In this review, most studies used radiomics (n = 12), rather than deep learning methodology (n = 5) largely owing to deep learning technology being more recent, but also because it requires specific expertise. This limits the ability to draw definitive comparisons between the two AI models as one is somewhat over-represented in the data. Additionally, most studies were retrospective in design, making them prone to confounding and selection bias. Several studies focused on the technical aspects of the algorithm and did not address key limitations such as input variation, absence of clinical information (age, tumour site, patient history) and potential data overfitting often caused by noise in the data, overcomplicated models, and small sample sizes. Another issue, particularly common in deep learning studies, is the failure to report contingency tables or sufficient detail to enable reconstruction. We had to exclude five (29%) studies from the meta-analysis due to incomplete data. Most studies were conducted at a single-center and used internal verification or resampling methods (cross validation). Internal validation, however, tends to overestimate the AUROC due to the model’s lack of generalizability, limiting the integration of AI models into the clinical setting [44]. Therefore, external validation prediction models using images from different hospitals are required to create reliable estimates on the level of performance at other sites [45]. The number of studies diagnosing lymph node metastasis on a per-nodal basis in this meta-analysis is small. This is understandable, given that lymph node metastasis is staged on a per-patient basis in the clinical setting. Interestingly, five studies on rectal cancer extracted radiomics features from CT despite MRI being the gold standard imaging modality for lymph node detection in clinical practice.
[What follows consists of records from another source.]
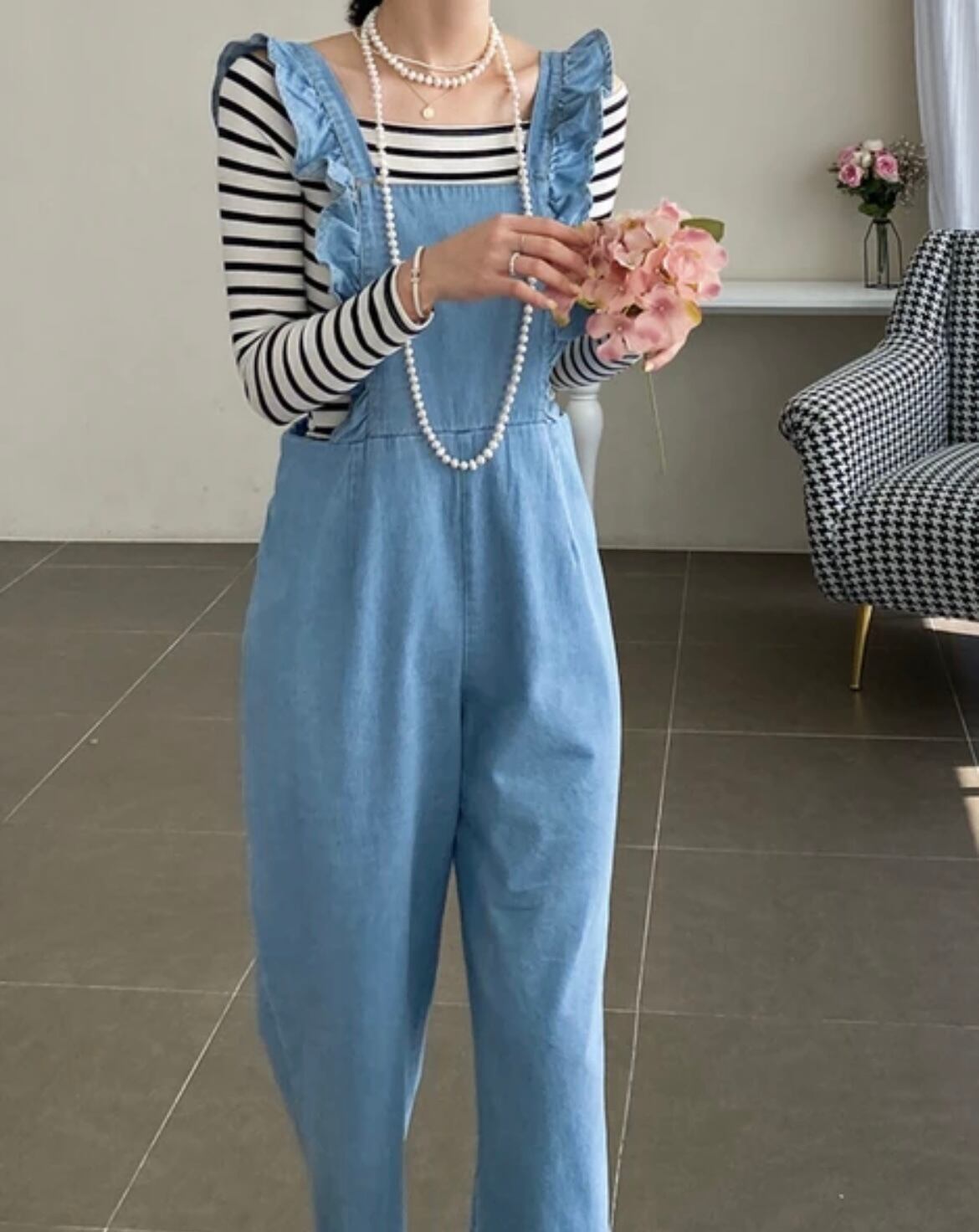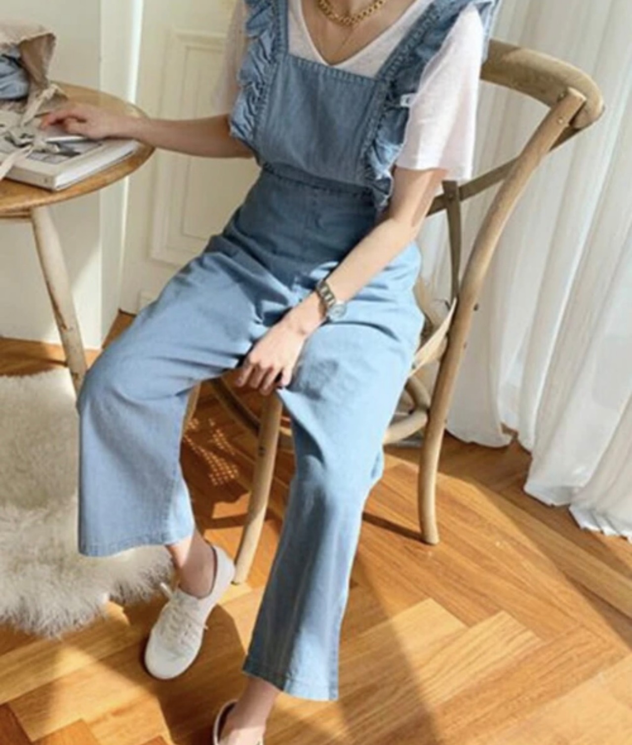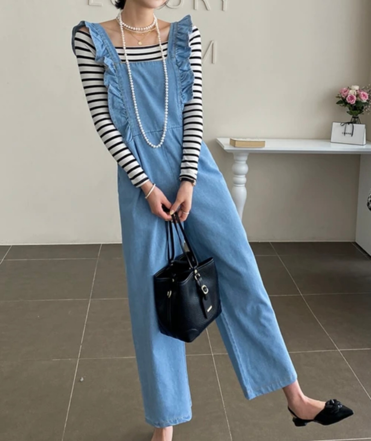 ・フリルがとても可愛らしいデニム素材のオールインワンです。
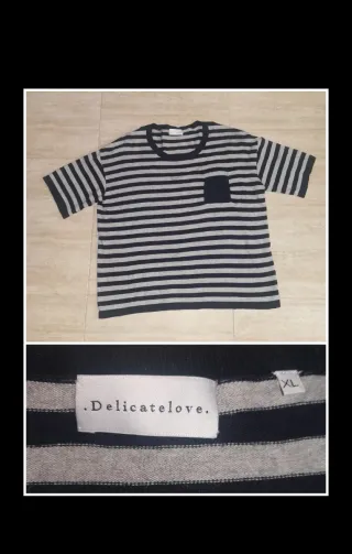 Vntd2 Ma2 *Suéter a listas/rayas horizontales, en tono azul marino y gris, de manga corta, en tejido 90% algodón y 10% cachemira, con escote redondo, el tejido da bastante de sí, para chica/mujer. De la marca Delicatelove, talla XL 42 Medidas: 55cm de sisa (110cm de contorno de pecho) 57,5cm de largo Las medidas también están en las fotos. Muy buen estado. Hago envíos
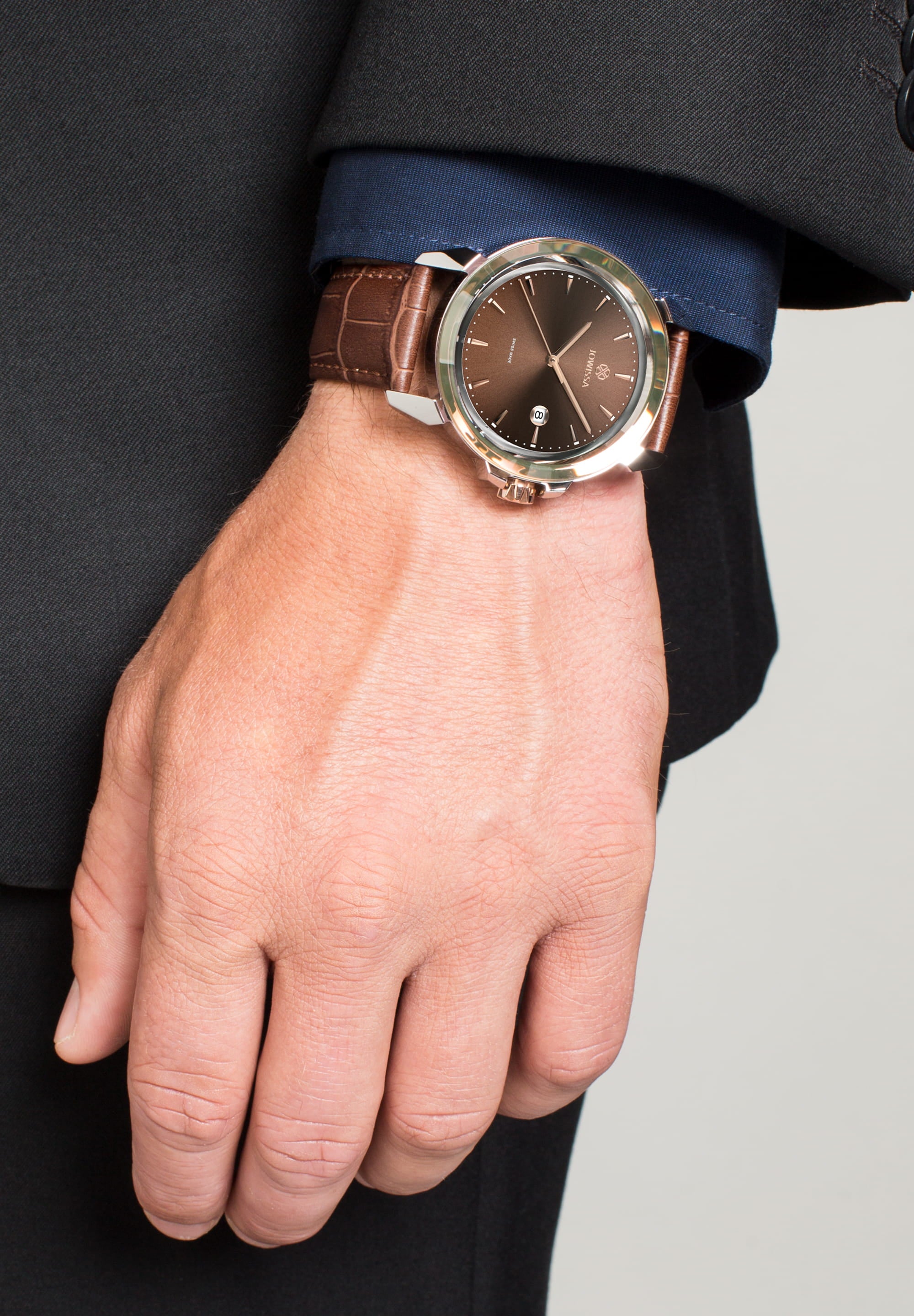 Introducing the LeWy 3 Swiss Men's Watch J4.240.L, a perfect blend of style and functionality. This exquisite timepiece is designed for the modern man who appreciates quality and elegance. With its striking 42mm diameter and sable-brown dial, this watch is sure to make a statement on your wrist, whether you're at the office or out for a casual evening.
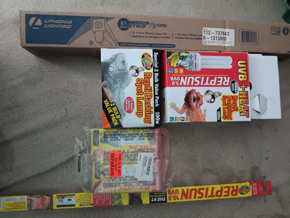 A variety of basking and UVB lights that were intended for a bearded dragon but he passed away so I have no need for them anymore. Some of them are still sealed and have never been opened, some have been opened but never used, and the box with the combo of a basking light and a UVB light, one bulb out of the box is not in there since I used it but the other one hasn't been used at all. That box is only $5, the rest are $10 or $15 each, depending on which one you're wanting. If you want them all, you will get a discount and the total cost will be $35. I also have the lamps, terrariums/enclosures for reptiles that I think are 40 or 60 gallon, and a few other supplies for reptiles. Message me if you have any questions and have a good day
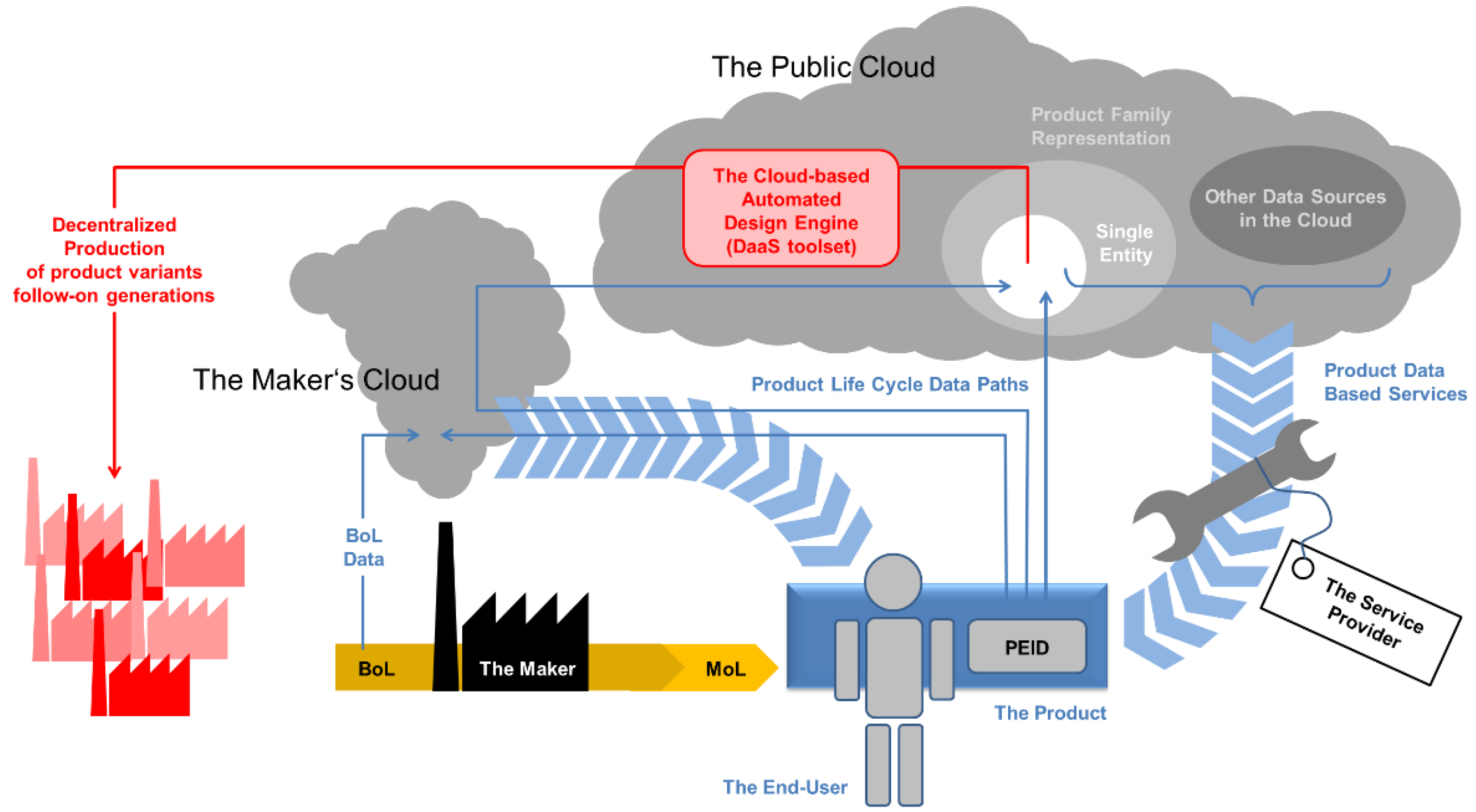 A global manufacturing environment like this could transform the way we make things. The paradigm shifts implied are manifold: For one thing, as product development would not require parallel development of production equipment, design and production could move further apart. At the same time, and as described above, flexibility in manufacturing could be used to optimize products on a customer or customer group basis, and furthermore, to implement a continuous design optimization. Practically this means nothing less than brushing aside the fundamental concept of individual product generations. Since optimization needs a basis, a primary prerequisite is a usage data link allowing backflow of information from product to designer. Equally important is a legally and technically secure access for the various potential producers and service providers to initial and optimized product design and manufacturing information. This global access to (general product and usage) data, software tools and finally manufacturing resources is the primary link of our scenario to the concept of the cloud (please consider also Figure 8 in Section 3 in this respect). Cloud-based manufacturing (CBM), sometimes also designated Cloud Manufacturing (CMfg), in general is currently the object of intense study [2,3,4,5] Xu et al., to give an example, introduced cloud manufacturing via the earlier-adopted concept of cloud computing, defined by the National Institute of Standards and Technology (NIST) as “a model for enabling ubiquitous, convenient, on-demand network access to a shared pool of configurable computing resources (e.g., networks, servers, storage, applications, and services) that can be rapidly provisioned and released with minimal management effort or service provider interaction.’’ [6]. Cloud manufacturing extends Cloud Computing by including production processes (scheduling, resource planning etc.) and related Cyber-Physical Systems (CPS) as active units [3]. Another definition has been provided by Wu et al., who discuss whether CBM is indeed the paradigm change as which it is currently being advertised. Their answer is in the affirmative: By reviewing the suggested definitions of the field and adding their own perspective, they manage to delimit CBM both from earlier concepts like flexible and redistributable manufacturing systems and intermediate development stages like web- and agent-based manufacturing (WBM, ABM) [7]. A true CBM approach, in their eyes, needs to integrate “Infrastructure-as-a-Service (IaaS), Platform-as-a-Service (PaaS), Hardware-as-a-Service (HaaS), and Software-as-a-Service (SaaS)” elements and is distinguished from WBM and ABM by its capability of facilitating new business models through such elements [7,8]. In further publications, Wu et al. have linked their studies to additive manufacturing and looked at product design, too, thus extending the original term CBM to cloud-based design and manufacturing (CBDM) [9,10]. Interestingly, however, the usage data feedback is not considered a core feature of CBM in these definitions: Data from the usage or Middle-of-Life (MoL) phase is included in some of the projections offered, though not in an automated fashion, but solely by way of direct end user (customer) feedback and integration in the design process (customer co-design). The practical implementation of such end user-centered feedback facilities is seen as major research issue. Besides, as we will show later in case study 2 (Section 4.2), the notion of separated ABM and CBM approaches brought forward by Wu et al. can be overcome [9,10].
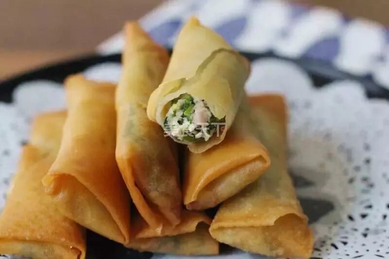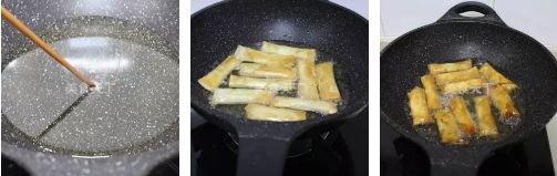 15、将油温再次升高,下入春卷中火复炸几秒钟至春卷皮金黄马上捞出控油。
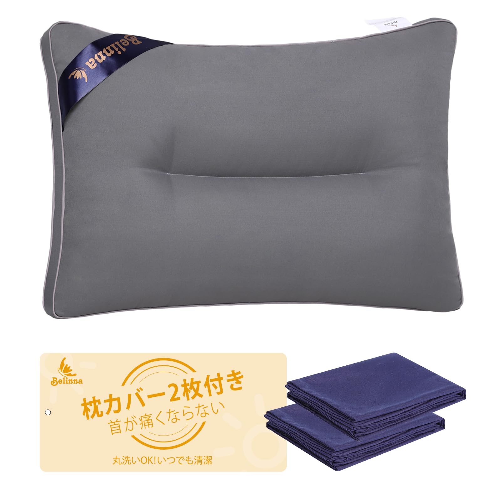 【在庫セール】低い枕 Belinna 枕 首が痛くならない 枕カバー 低反発 低め 柔らかい枕 安眠枕 首枕 睡眠枕 高さ調整可能 丸洗い可能 ストレートネック 枕 ブレインスリープ 枕 グレー (長さ63cm幅43cm高さ16cm)(ネイビーカバー2枚付き) | libertyislan
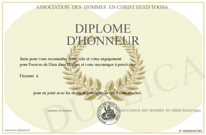 Envoyez par email votre Diplôme d'Honneur personalisé
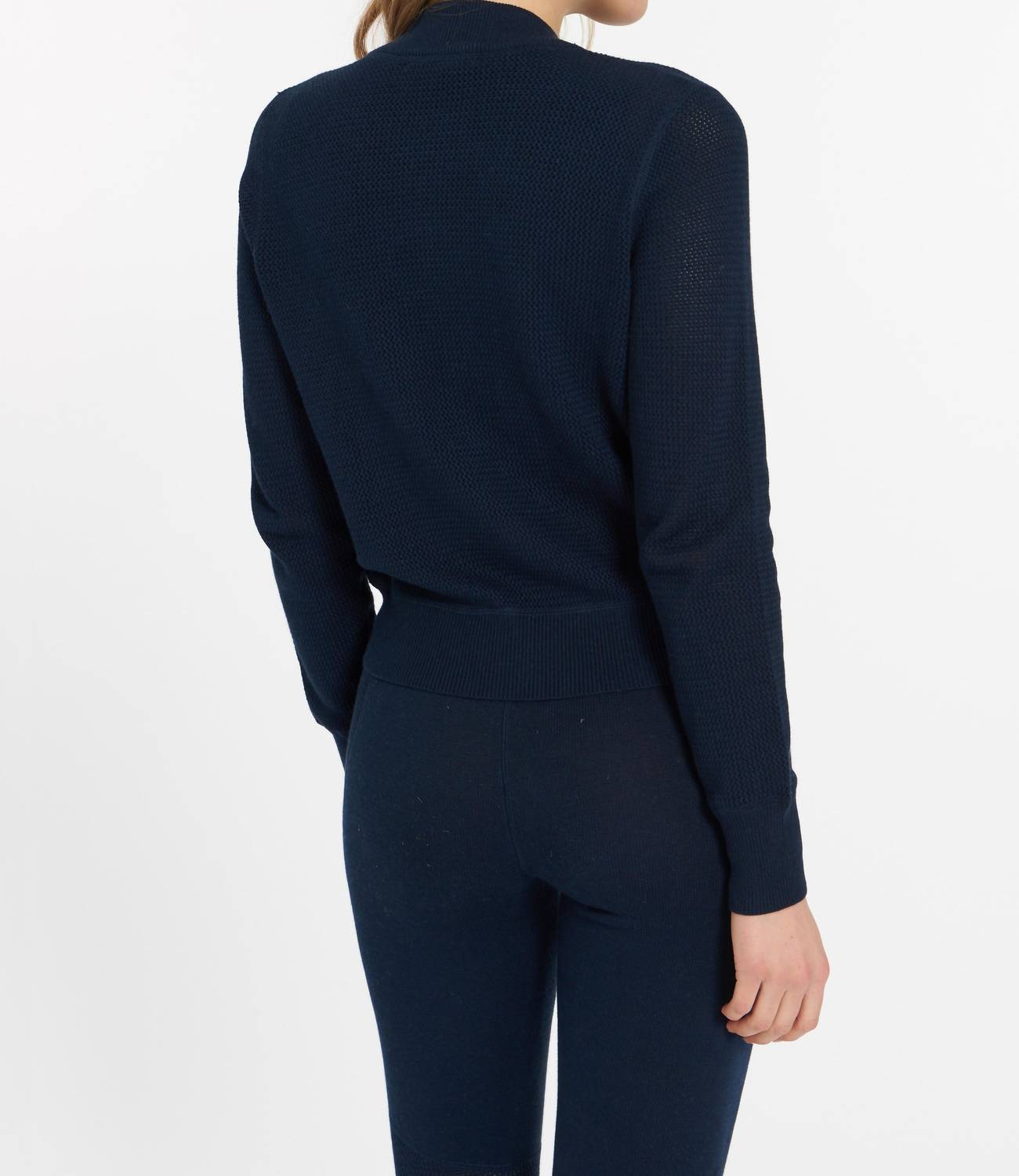 Introducing the Sagaponack Jacket by LEIMERE, a perfect blend of style and comfort in a sophisticated navy hue. This casual jacket features long sleeves and a convenient zip closure, making it ideal for travel and fall occasions. Crafted from a luxurious blend of 50% Modal, 25% Cotton, 15% Nylon, and 10% Cashmere, this piece measures 36.5" in chest and 21" in length. Made with care in mind, it’s imported and recommended for hand washing and flat drying to maintain its quality. The model is 5'9" and is wearing a size small.
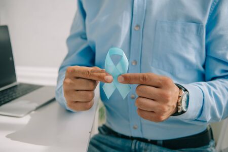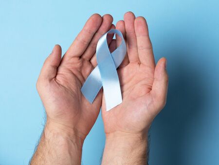 Close-up male hands holding blue prostate cancer awareness ribbon on a bright blue background. Medicine and health care concept
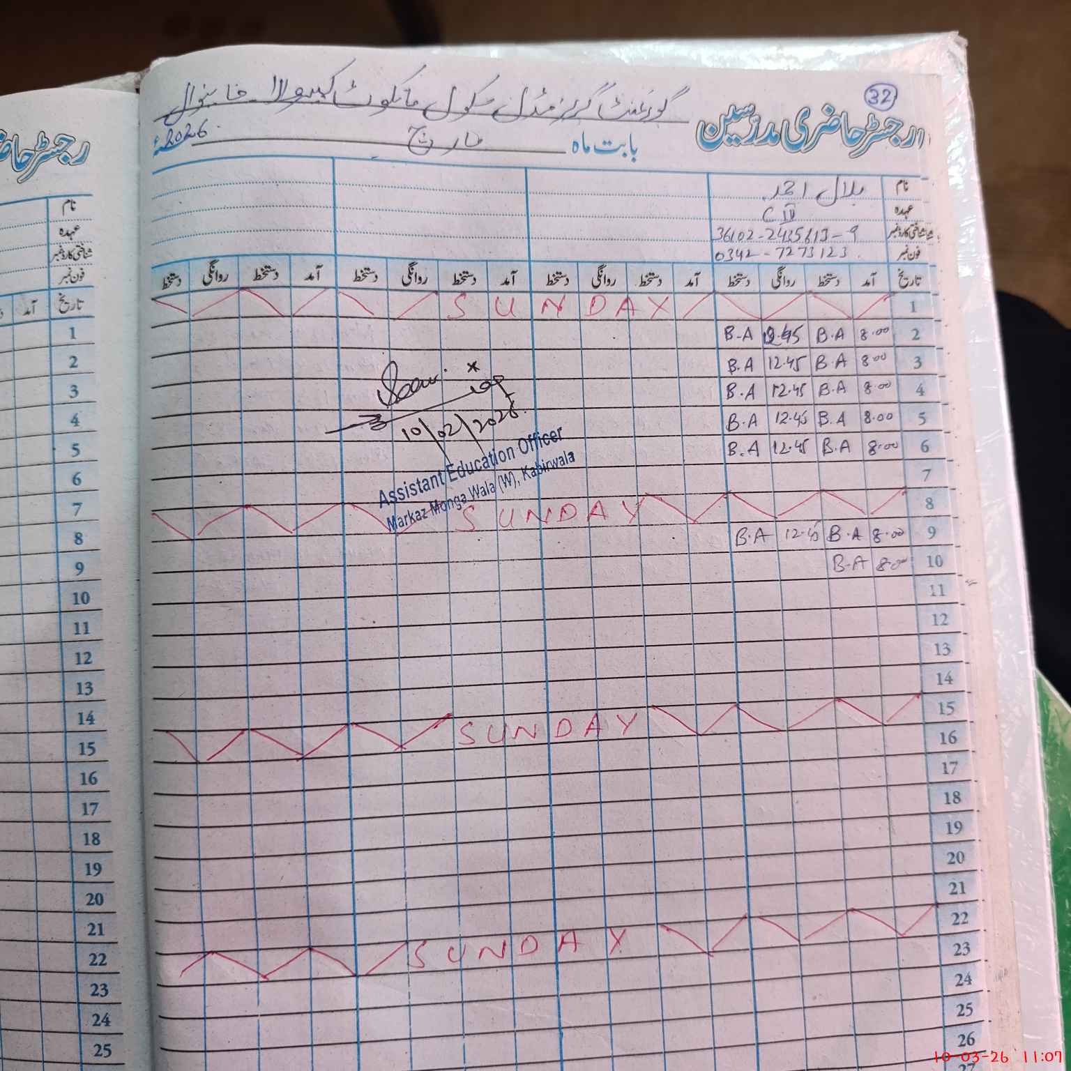 | Name: NO**** IQ**** Designation: (School Headmaster's/Headmistress's) SST Phone/Cell Number: 03**** |

This meta-analysis has some limitations that merit consideration. Firstly, a relatively small number of deep learning studies were available for inclusion. This, along with the heterogeneity seen in radiomics studies, means that the summary estimates of AUROCs have to be interpreted with caution. Secondly, because of incomplete reporting of results by several studies, estimates of diagnostic performance were calculated using limited data. Thirdly, given the majority of the included studies originate from China, there is a potential for geographical bias. Lastly, the wide range of scanner types, imaging protocols, and criteria for lymph node metastasis used may have affected accuracy of results. Results for radiomics and the radiologist assessment were highly heterogenous, which may be attributed to the different imaging modalities and small sample sizes. In the future, diagnostic AI models will have to be rigorously evaluated on their clinical benefit in comparison to current standard of care, as not all are suitable for clinical practice. Therefore, studies comparing AI with the clinicians’ performance are most valuable and are more likely to ensure safe and effective implementation of AI technology into daily practice [46, 47].

Conclusion

AI models have the potential to predict lymph node metastasis more accurately on a per-patient basis in colorectal cancer than the radiologists’ assessment, however, radiomics studies are heterogeneous and deep learning studies are scarce. With further development and refinement, AI models capable of accurately predicting nodal stage may represent a significant advance in pre-operative staging of colorectal cancer to better inform clinician and patient.